Giant Trap Is Deployed to Catch Plastic Littering the Pacific Ocean

A multimillion-dollar floating boom designed to corral plastic debris littering the Pacific Ocean deployed from San Francisco Bay on Saturday as part of a larger high-stakes and ambitious undertaking.

The 2,000-foot-long unmanned structure was the product of about $20 million in funding from the Ocean Cleanup, a nonprofit that aims to trap up to 150,000 pounds of plastic during the boom’s first year at sea. Within five years, with the creation of dozens more booms, the organization hopes to clean half of the Great Pacific Garbage Patch.

The patch, a gyre of trash between California and Hawaii, comprises an estimated 1.8 trillion pieces of scattered detritus, including at least 87,000 tons of plastic.

Over the next several days, the boom will be towed to a site where it will undergo two weeks of testing. If everything goes as planned, the boom will then be brought to the garbage patch, nearly 1,400 miles offshore, where it is expected to arrive by mid-October, said Boyan Slat, 24, the Dutch inventor and entrepreneur who founded Ocean Cleanup.

[Like the Science Times page on Facebook. | Sign up for the Science Times newsletter.]

The cleanup system is supposed to work like this: After the boom detaches from the towing vessel, the current is expected to pull it into the shape of a “U.” As it drifts along, propelled by the wind and waves, it should trap plastic “like Pac-Man,” the foundation said on its website. The captured plastic would then be transported back to land, sorted and recycled.

The boom has an impenetrable skirt that hangs nearly 10 feet below to catch smaller pieces of plastic. The nonprofit said marine life would be able to pass underneath.

But the ocean can be unpredictable, and simulation models are no guarantee of future performance.

“There’s worry that you can’t remove the plastic without removing marine life at the same time,” said George Leonard, chief scientist at the Ocean Conservancy. “We know from the fishing industry if you put any sort of structure in the open ocean, it acts as a fish-aggregating device.”

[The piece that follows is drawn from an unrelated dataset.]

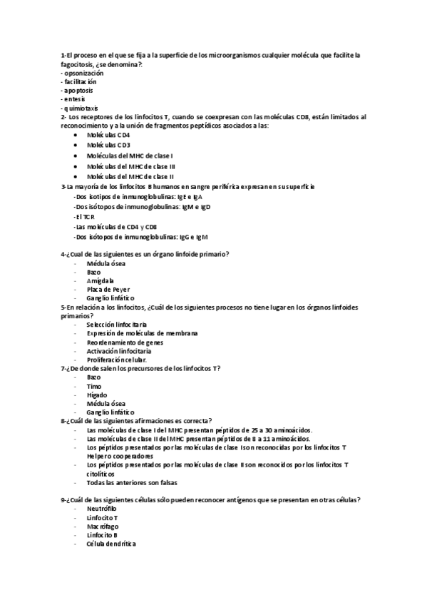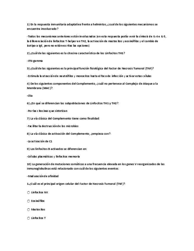 He publicado nuevos test de 3º Inmunología: Exámenes variados

Small fish, drawn to a new structure, can attract bigger fish, he added, creating an “entire ecological community.”

It is unclear how well the boom would fare on the open ocean, where it faces high winds, corrosive salt water and other environmental challenges. And then there’s the question of whether it is possible to clean half of the garbage patch in just five years.

“I think the big challenge here is not the long-term goal but the short-term goal,” Mr. Leonard said on Saturday. “Can it remove plastic at all?”

Mr. Slat, the chief executive of Ocean Cleanup, shared the same worry in a video posted on Facebook.

“And to me this is where I think my largest anxiety lies at this point in time,” he said of the system’s ability to collect and retain plastic. “First of all, it’s something that we haven’t really been able to test very well.”

But on Saturday morning, Mr. Slat was decidedly optimistic.

“I’ve definitely never been so confident about the chance of success as I am today,” he said.

Since the start of Ocean Cleanup in 2013, donors have contributed nearly $35 million, Mr. Slat said. Much of that money paid for the boom and helped underwrite research like a study published in the journal Scientific Reports, which quantified the full extent of the garbage patch. Future booms are estimated to cost about $5.8 million each.

Major sponsors include Marc Benioff, the chief executive of Salesforce.com, and Peter Thiel, the co-founder of PayPal.

Skeptics questioned whether this was the most economically efficient way to address the problem.

“I fully agree that this is not the full solution to plastic pollution,” Mr. Slat said.

While it’s necessary to prevent more plastic from entering the ocean, what is there already isn’t going to go away by itself, he added.

“We have to clean it up at some point in time and, actually, I would say the sooner the better,” he said.